Limits...
Extraction of surface-related features in a recurrent model of V1-V2 interactions.

Weidenbacher U, Neumann H - PLoS ONE (2009)

Bottom Line: The approach is based on feedforward and feedback mechanisms found in visual cortical areas V1 and V2.Unlike previous proposals which treat localized junction configurations as 2D image features, we link them to mechanisms of apparent surface segregation.As a consequence, we demonstrate how junctions can change their perceptual representation depending on the scene context and the spatial configuration of boundary fragments.

View Article: PubMed Central - PubMed

Affiliation: Institute of Neural Information Processing, University of Ulm, Ulm, Germany. ulrich.weidenbacher@uni-ulm.de

ABSTRACT

Background: Humans can effortlessly segment surfaces and objects from two-dimensional (2D) images that are projections of the 3D world. The projection from 3D to 2D leads partially to occlusions of surfaces depending on their position in depth and on viewpoint. One way for the human visual system to infer monocular depth cues could be to extract and interpret occlusions. It has been suggested that the perception of contour junctions, in particular T-junctions, may be used as cue for occlusion of opaque surfaces. Furthermore, X-junctions could be used to signal occlusion of transparent surfaces.

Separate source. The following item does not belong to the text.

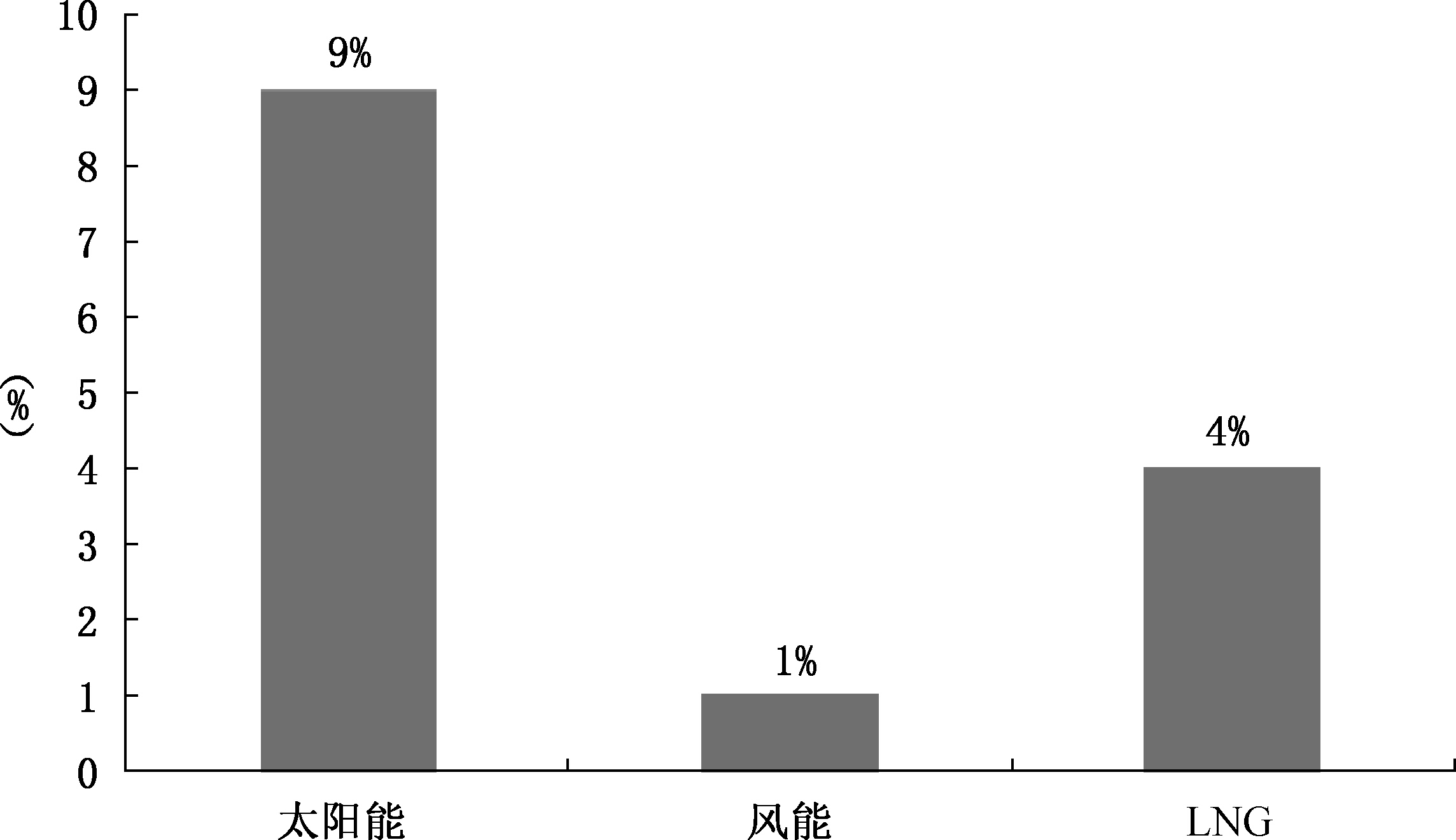 一一目前,樣本物流園區中已有13%的園區使用了新能源(其中有一家物流園區同時使用了風能和LNG兩種新能源),使用的新能源以太陽能、風能以及LNG等為主,具體情況如圖26所示。

Methodology/principal findings: In this contribution, we propose a neural model that suggests how surface-related cues for occlusion can be extracted from a 2D luminance image. The approach is based on feedforward and feedback mechanisms found in visual cortical areas V1 and V2. In a first step, contours are completed over time by generating groupings of like-oriented contrasts. Few iterations of feedforward and feedback processing lead to a stable representation of completed contours and at the same time to a suppression of image noise. In a second step, contour junctions are localized and read out from the distributed representation of boundary groupings. Moreover, surface-related junctions are made explicit such that they are evaluated to interact as to generate surface-segmentations in static images. In addition, we compare our extracted junction signals with a standard computer vision approach for junction detection to demonstrate that our approach outperforms simple feedforward computation-based approaches.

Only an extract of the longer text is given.